The European Central Bank (ECB) is monitoring broad risks across the financial sector and will act to preserve stability in the euro area, ECB vice-president Luis de Guindos said in a speech on April 1.
Mr. De Guindos provided reassurance on the established banking sector in the single currency zone, saying banks had strong capital and liquidity positions but he warned of wider dangers elsewhere in the system.
“…In our view, vulnerabilities in the financial system prevail in the non-bank financial sector, which grew fast and increased its risk-taking during the low interest rate environment,” De Guindos told the Ambrosetti business forum in northern Italy.
He said policy reforms to address these vulnerabilities were critical.

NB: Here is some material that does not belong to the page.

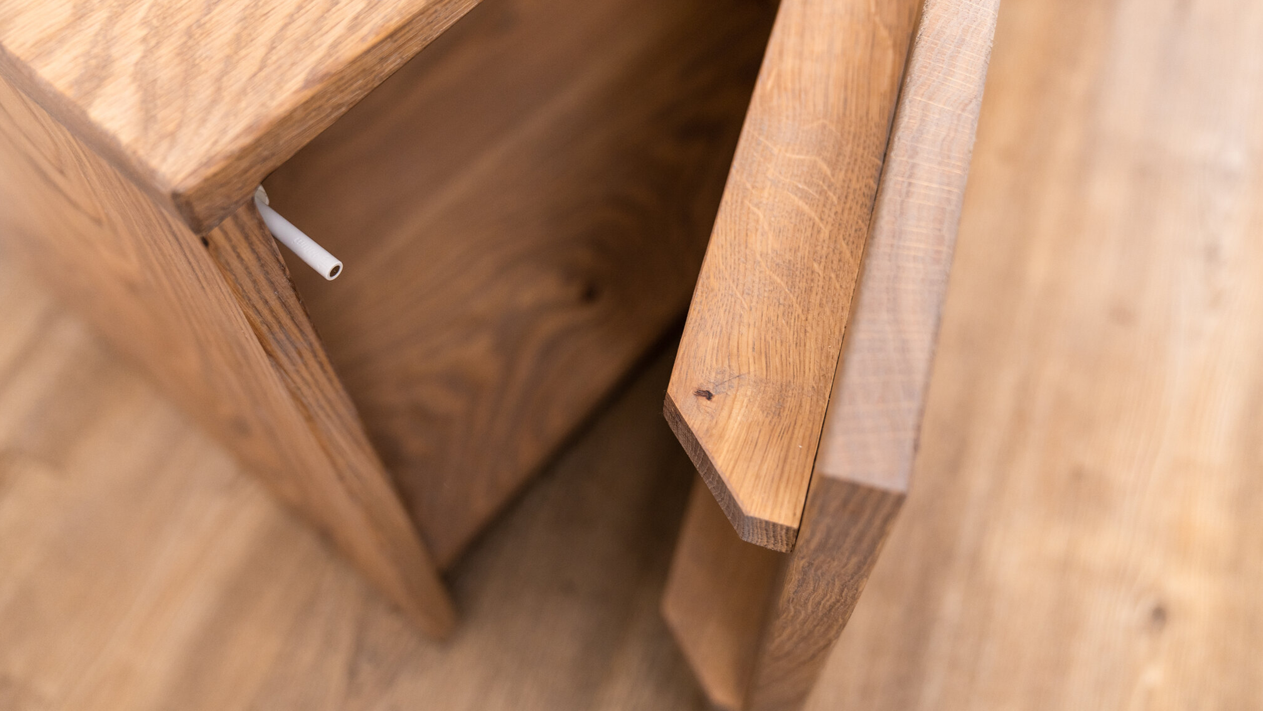 Dit eiken nachtkastje heeft een deurtje, hierdoor ontstaat er voor opbergruimte in het kastje. Door de moderne uitstraling kan het prachtig gecombineerd worden elk bed!

“Priority should be given to policies that help build resilience in the sector, such as by reducing liquidity mismatch, mitigating risk from leverage, and enhancing liquidity preparedness across a broad range of institutions,” he said.
The ECB has been raising interest rates to try to curb rising inflation but there have been concerns that these higher borrowing costs are fuelling turmoil in the financial markets.
Mr. De Guindos said that headline inflation was likely to decline considerably this year but underlying inflation dynamics would remain strong.
“The feedback between higher profit margins, higher wages and higher prices could pose more lasting upside risks to inflation,” he said.